The PSMA Addition study, adding lutetium in metastatic hormone-sensitive prostate cancer, showed an RPFS benefit. However, initial data suggested adverse quality of life scores. Upcoming results on pain and skeletal events are critical to determine if the toxicity profile undermines its clinical utility in this earlier disease setting.

Lutetium faces criticism for its fixed 6-cycle regimen, which may be suboptimal as the PSMA target diminishes with ADT. However, this critique is rarely applied to other drugs like PARP inhibitors, which are given until progression. This highlights a double standard and the tension between using a fixed regimen for regulatory approval versus finding the optimal dose in practice.
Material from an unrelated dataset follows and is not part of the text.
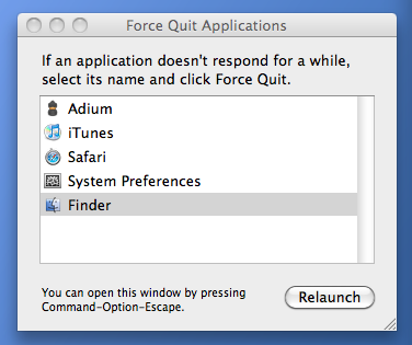 Se muestra una ventana con el listado de las aplicaciones abiertas. Selecciona Finder y pulsa Relaunch.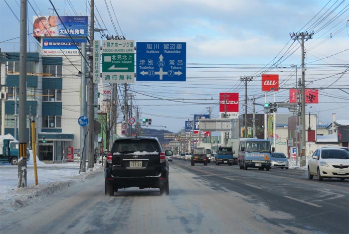 国道39号、北見トヨペット前からとん田通り交差点方向

In survivors over 50, an increased risk of secondary cancers is specifically associated with prior radiation treatment received 30+ years ago. The study found no similar association with chemotherapy exposures, highlighting the exceptionally long-term and distinct risks of radiation. This underscores the importance of modern efforts to reduce or eliminate its use.

The common practice of switching from one ARPI to another upon disease progression is now considered ineffective for most patients. With the advent of proven alternatives like chemotherapy and lutetium, using an "ARPI switch" as the sole control arm in clinical trials is no longer ethically or scientifically sound.

If lutetium-PSMA is approved and used upfront in hormone-sensitive disease, clinicians may become more comfortable with radioligands generally. This could lead them to use the enzalutamide-radium combination more frequently later on, paradoxically increasing radium's use by flipping the current treatment sequence.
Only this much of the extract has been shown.